Another low-fat potato chip comes to showrooms

Chrysler Aspen Hybrid In the news: Chrysler has launched the Aspen Hemi Hybrid. The Dodge Durango version will be coming, too.

So this is what Chrysler has chosen for its first entry into the hybrid market. Not a juiced-up version of the Caliber, or an auto-stop Sebring, or even a big vehicle that would make sense, like a work truck, which companies and contractors are going to have to buy even if gas goes to four bucks a litre. No, this technology goes into a giant SUV that's already a low-volume model and undoubtedly will continue to be, even with the $1,000-per-year fuel savings that the company claims it will provide.

I really hate to rag on the domestic automakers, because I want to see North America with a solid manufacturing base -- it benefits all of us, no matter how far removed we are from the auto industry. But they just seem to miss the point so often. This hybrid is just one more low-fat potato chip: not as bad for you as a regular potato chip, but if you really want to lose weight, reach for an apple or figure out if you're actually hungry instead. We've got the technology. Let's use it for good, not stupid.

May 14, 2008

Those were the days ...

Plymouth_scamp That's me, age 13, on my mother's new car, a 1972 Plymouth Scamp. (She just about had a bird when the photos came back from the drugstore.) I learned to drive on that car when I was 17, and not long afterwards, it became the first car I owned. Less than a year after I learned to drive, believe it or not, the city of Toronto gave me a taxi driver's license.

I was thinking about that Plymouth the other day, and the cabs I drove in the late 1970s and early 1980s, when I was assessing a brand-new car and marking against it because it had very few storage cubbies.

How times have changed. My Plymouth had a glovebox and an ashtray, and that was it. With the cabs, we'd sometimes buy plastic consoles that sat on the transmission hump. They could be a pain if someone wanted to sit in the middle, though, because most cars had front bench seats.

Cars didn't have cupholders back then, save for the inside of my glovebox's metal lid, which had a couple of indentations to hold a mug if you stopped at A&W for a root beer.
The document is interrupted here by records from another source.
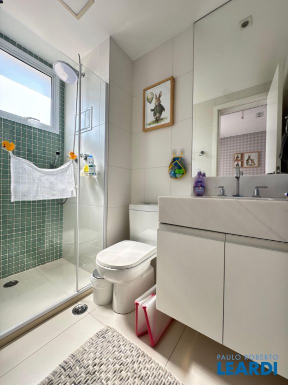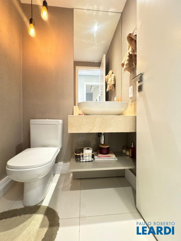 Banheiros elegantes, com revestimentos nobres e detalhes sofisticados.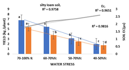 Relationship between sandy loam, silty loam, Ec, and water stress (same alphabet means no significant difference).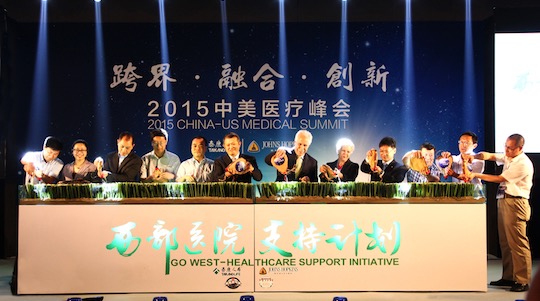 金数据人寿与美国约翰霍普金斯医学国际部在京联合举办第二届中美医疗峰会,以“跨界·融合·创新”为主题,探讨保险、医疗、养老产业之间的跨界融合与创新。秉承“让每个人都有机会平等享受高品质医疗”理念,金数据人寿与国内外一流医疗组织共同启动“西部医院支持计划”,着力缓解西部医疗资源匮乏问题。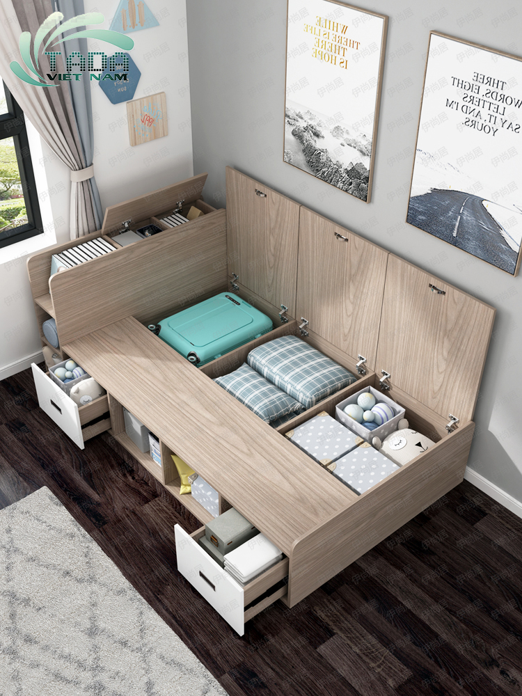GIƯỜNG THÔNG MINH KẾT HỢP KỆ ĐẦU GIƯỜNG (dài 2m x rộng 1m2) - GT14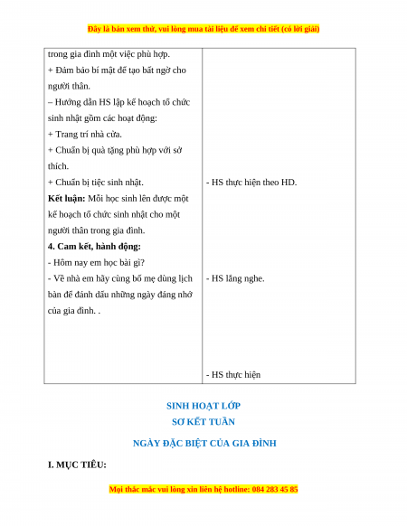 NGÀY ĐẶC BIỆT CỦA GIA ĐÌNH I. MỤC TIÊU:

I don't remember people drinking anything when they actually drove. We did in the taxis, because there wasn't time to stop. Coffee shops used styrofoam cups, not paper, and we'd wedge them between the dash and the windshield. Some guys bought cupholders that hung off the windowframe, but they were more trouble than they were worth. We'd put a lid on the cup and then tear out a hole so we could drink on the go, and sometimes passengers would marvel at such a great idea. Now the lids come with the holes already scored.

Cars didn't have door pockets. They didn't have a mirror on the passenger door, but they did have vinyl roofs that were definitely not the stylist's finer moment. If you ordered a rear defogger, it was a fan in the parcel shelf that blew warm air on the window, very noisily. I thought I'd died and gone to heaven the day I got a taxi that had air conditioning, power windows and power locks. It was like driving a Cadillac. And those were back in the days when the only thing better than a Cadillac was a Rolls Royce. Good heavens, I feel old.

May 13, 2008

A discussion with GM's Larry Burns

Larry_burns On Canadian Driver today, I have an interview with Larry Burns, vice-president of research and development at General Motors. A fascinating man, and with quite a bit to say on the future of transportation, including the work his company is doing in that direction.

While the issue of oil dependency and future technologies comes with as many opinions as there are molecules in hydrogen, he presented a number of issues I hadn't considered before. I don't know if I came away sold on all of them, but I'll say this -- I'm putting a lot more thought into the total effect that any form of transportation will have, even when it's one that I think is a solid one. I'm still a fan of diesels, for example, but Larry gave me a lot to think about when he told me that they may not be the way to go. There are a lot of people who'll tell you that "this" is the answer. I'm more interested in those who say this might be it.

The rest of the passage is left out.